Obras da Ponte Bioceânica podem atrasar para 2027 por falta de recursos no Brasil
Atrasos no Brasil ameaçam conclusão total da ponte para o Corredor Bioceânico
A finalização da Ponte Bioceânica, uma obra estratégica para reduzir em mais de 9,7 mil quilômetros a rota marítima das exportações brasileiras para a Ásia, enfrenta a possibilidade de ser adiada para 2027. O principal entrave para o avanço do projeto reside no Brasil, onde a falta de investimentos está impactando as obras de aterro e terraplanagem necessárias para o acesso pela BR-267, um trecho que demanda cerca de 100 milhões de dólares. Mesmo com a estrutura principal da ponte prevista para ser concluída no primeiro semestre de 2024, a ausência de recursos impede que os acessos rodoviários brasileiros estejam prontos no mesmo período, inviabilizando a utilização imediata da travessia.
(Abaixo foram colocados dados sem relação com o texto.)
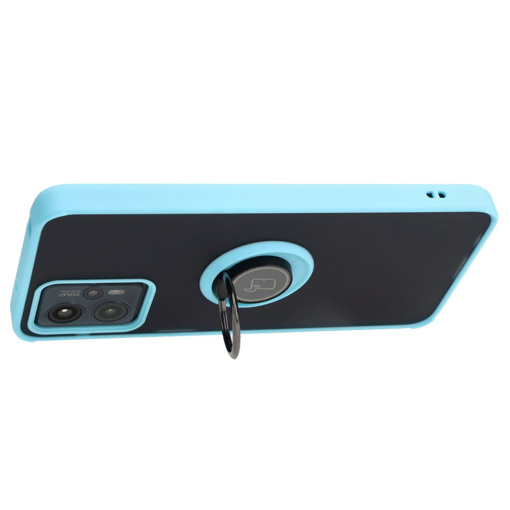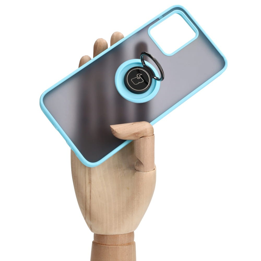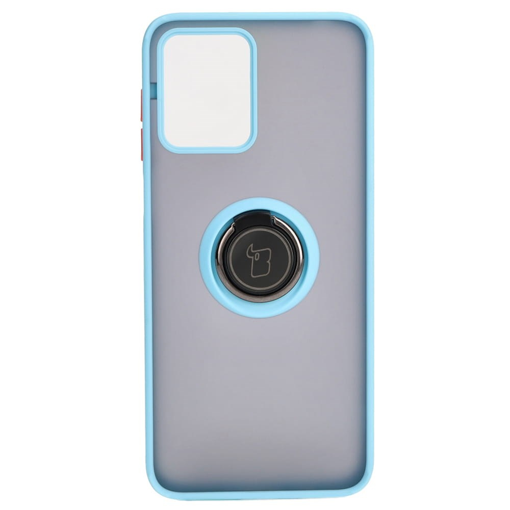 Etui z uchwytem na palec Bizon Case Hybrid Ring do Motorola Moto G13 / G23 / G53 5G, przydymione z jasnoniebieską ramką

Enquanto o acesso à ponte no lado paraguaio tem entrega prevista para agosto de 2026, o trecho brasileiro enfrenta sérias dificuldades financeiras, especialmente nas etapas de aterro e terraplanagem que demandam 100 milhões de dólares. Nelson Cintra, prefeito de Porto Murtinho, destacou a preocupação com a paralisação do aterro por falta de verba. “As pontes estão tocando. Agora, o aterro está parado, por falta de recursos. O acesso da BR-267 até a ponte é o problema, esse acesso é muito complexo. São 100 milhões de dólares, então está faltando recurso. A ponte fica pronta até julho, o acesso não vai estar pronto, não vai dar para usar. Já era para estar ficando pronta, mas vem faltando dinheiro, faltando recursos, vai capengando, vai devagar.” O prefeito ainda sinalizou que a liberação de recursos pelo Departamento Nacional de Infraestrutura de Transportes (DNIT) é fundamental, abrangendo desde a estrutura da alfândega até a terraplanagem. “Está faltando recursos para a alfândega, está faltando recursos para a terraplanagem. As obras de arte estão tocando, as pontes. A gente quer que fique pronto isso aí, já chega, estamos há quantos anos lutando.”
O Corredor Bioceânico é projetado para oferecer um encurtamento significativo nas rotas comerciais, prometendo uma redução de 12 a 17 dias no tempo de viagem para destinos como a China. A Receita Federal estima um fluxo inicial diário de 250 caminhões pela ponte, evidenciando o potencial impacto econômico da infraestrutura quando estiver em pleno funcionamento.
A Secretaria de Estado de Meio Ambiente, Desenvolvimento, Ciência, Tecnologia e Inovação (Semadesc) informou que o cronograma de construção da ponte sobre o Rio Paraguai, sob responsabilidade do Consórcio PYBRA, continua no prazo para finalização no primeiro semestre deste ano. Contudo, Jaime Verruck, secretário estadual da Semadesc, esclareceu que a previsão de 2027 para a conclusão completa do corredor depende diretamente da disponibilidade de recursos financeiros. “Sim, depende do fluxo de recursos, então, nós temos o acesso, temos o funding, então depende do fluxo de recursos. A previsão é essa aí de 27. Termina a ponte e depois. Então, a gente está colocando o horizonte de hoje aí a um ano e meio, dois anos, para terminar todas as obras, inclusive as obras lá do Paraguai.”
A estrutura principal da ponte tem 1.294 metros de comprimento e 21 metros de largura, e atualmente restam cerca de 101 metros para a união das duas partes. Após o encontro das aduelas, ainda serão implementados cabos de aço embutidos na laje de concreto, o retensionamento dos 168 estais que sustentam o vão central e a instalação de 168 amortecedores. Os pilares principais e os estais contarão com sensores eletrônicos para monitorar cargas em tempo real. Além disso, a iluminação fluvial para garantir a segurança da navegação no Rio Paraguai, o acabamento do piso, a colocação de grades de proteção para pedestres e ciclistas, o asfaltamento, a pintura, a sinalização e a iluminação ornamental são etapas futuras.